The ‘Doctrine of Discovery’ was a European idea, coming from the thinking of religious leaders in the 1400s about how aboriginal people should be treated in the ‘New World.’ The Doctrine was formalized in the writings of Francisco de Vitoria (1483 – 1546), a Spanish Roman Catholic theologian and political thinker. Vitoria is sometimes referred to as the ‘father of international law.’ The interpretation of the Doctrine of Discovery is the international root of Federal Indian law in the United States.
The Doctrine recognized that the aboriginal inhabitants of the New World were people who had claims to the land that they occupied. Each European nation ‘discovering’ land in the New World would decide how to deal with the people who were already living there. The British made treaties with the Indians for example, indicating that they had special rights. The Spanish ‘conquered’ the Indians in Central and South America, and did not recognize any special land or other rights of the aboriginal tribes.

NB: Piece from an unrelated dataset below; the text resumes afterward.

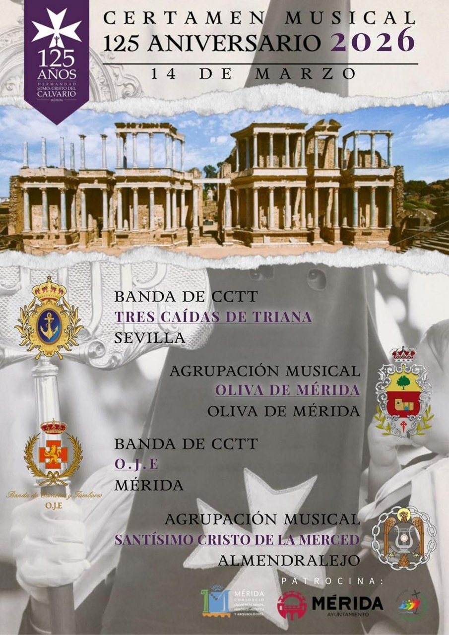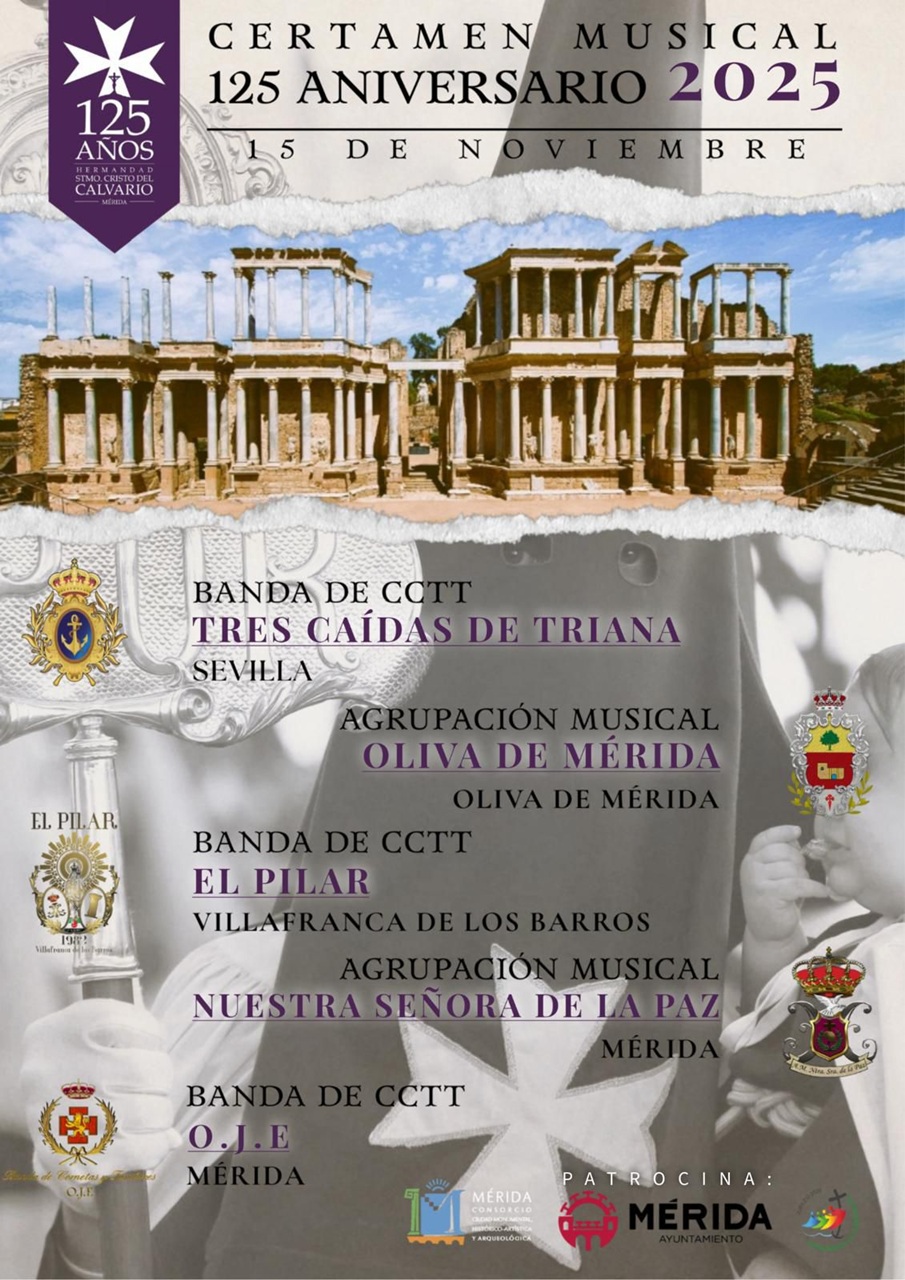 El Teatro Romano acogerá un certamen musical especial por el 125 Aniversario Hermandad del Calvario el sábado 15 de noviembre, a partir de las 17:30 horas, en el que participarán la Banda de Cornetas y Tambores de la OJE de Mérida, la Agrupación Musical Nuestra Señora de La Paz, Banda de Cornetas y Tambores “Virgen del Pilar” de Villafranca de los Barros, Agrupación Musical La Oliva de Mérida, cerrando el cartel la Banda de Cornetas y Tambores del Santísimo Cristo de las Tres Caídas de Triana. La entrada es libre aunque también se pude hacer una pequeña donación para causas sociales.

In the U.S. the Doctrine of Discovery was interpreted to mean that there would be a federal recognition of Indian tribes, and settlement of lands and subsistence resources with the tribes. In the Lower 48 states, aboriginal land claims were mainly done through treaty-making with the Indians. Congress ended the practice of treaty-making in 1871, shortly after Alaska was purchased from the Russians. One hundred years later, Alaska Native land claims were settled by Congress through the Alaska Native Claims Settlement Act (1971).